Clark v. State Personnel Board
Before: Peek
[801]
PEEK, J.
This is an appeal by petitioner from a judgment denying her petition for a writ of mandate.
The only facts pertinent to a disposition of this appeal are that on October 27, 1939, petitioner filed with the State Personnel Board a petition for correction of her civil service classification which she alleged to be erroneous; that such petition was denied on February 6, 1940; that on March 28, 1940, she filed with the Superior Court of Sacramento County a petition for a writ of mandate to compel the board to enter her name on the roster of said board as a senior account clerk as of June 25, 1931, and for judgment for the accumulated difference in salary during such period; that not until November 17, 1941, after the entry of judgment denying her petition for a writ of mandate in the superior court and approximately twenty-one months after the board had denied her petition for correction of her classification, did she request a rehearing of said petition. The board thereupon adopted a resolution that her position be reclassified as senior account clerk as of May 25, 1931, conditioned upon her filing a waiver of back salary and wages to the date of said resolution.

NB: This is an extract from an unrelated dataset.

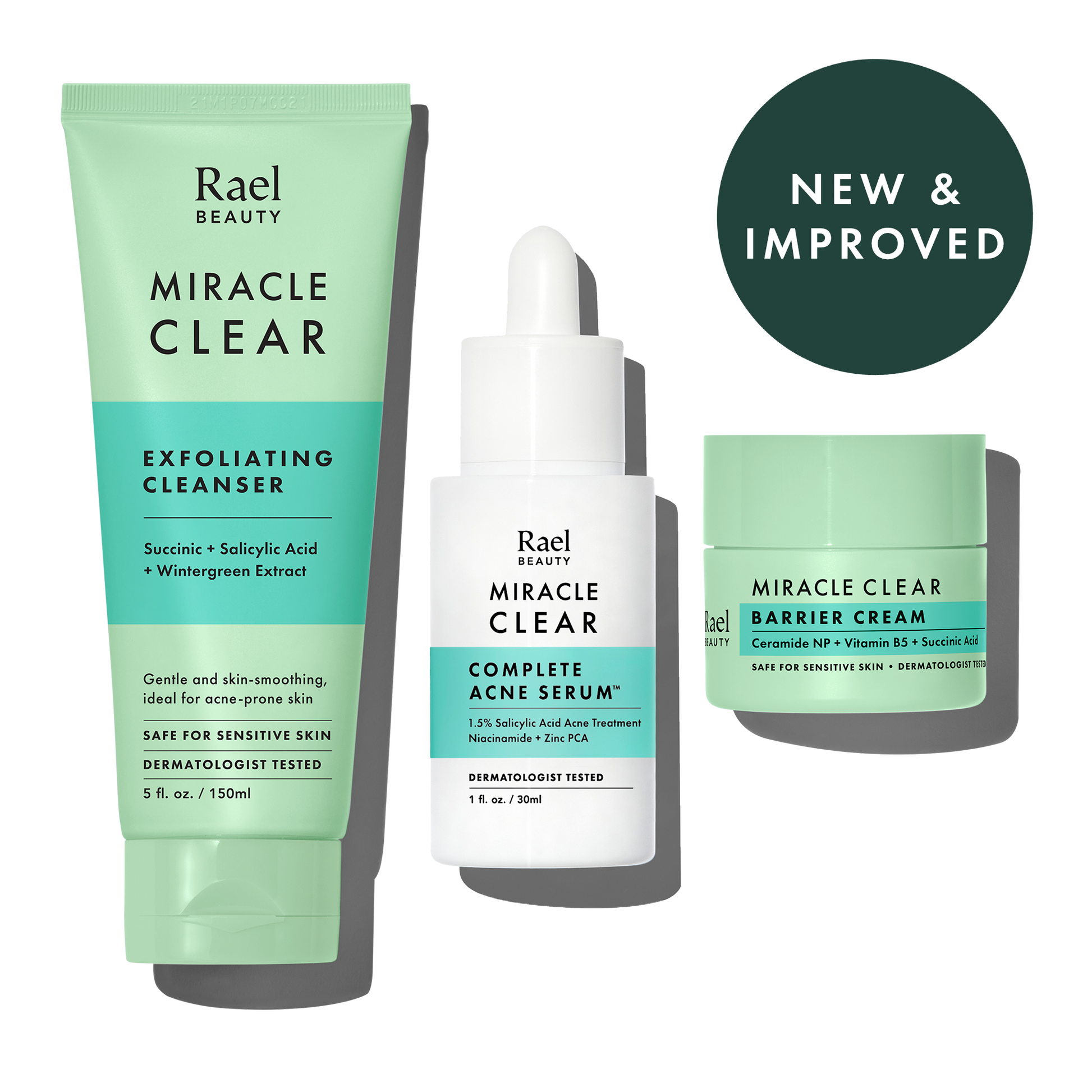 Meet the NEW Miracle Clear Trio, three simple daily steps to clearer and healthier skin. The Exfoliating Cleanser gently washes away buildup and excess oil, while the Complete Acne Serum is a treatment designed to target acne in all stages. Finish with the Barrier Cream to restore the skin barrier, preventing future breakouts. Perfect for sensitive, oily, acne-prone skin, as well as for those with large or clogged pores. Dermatologist tested.

Sections 1 and 2 of Rule 23 of the Rules and Regulations of the State Personnel Board provide in effect that decisions by the board shall become final after ten days from the time of service of such decision upon the person or persons affected thereby, and that an application for a rehearing after such decision by the board may be granted if an application in writing is made thereafter any time within ten days after said service of notice; while section 173(c) of the Civil Service Act (Stats. 1937, p. 2085, Deering’s General Laws 1937, Act 1404) provides that within thirty days from and after receipt of a copy of the decision by the board either the employee or the appointing power may apply for a rehearing by filing a written petition therefor.
If under the procedure set forth in said act and the rules of said board the rule of the exhaustion of administrative remedies before resort may be had to the courts applies, the failure of petitioner to request a rehearing in accordance with the provisions mentioned before filing her petition for a writ of mandate is fatal.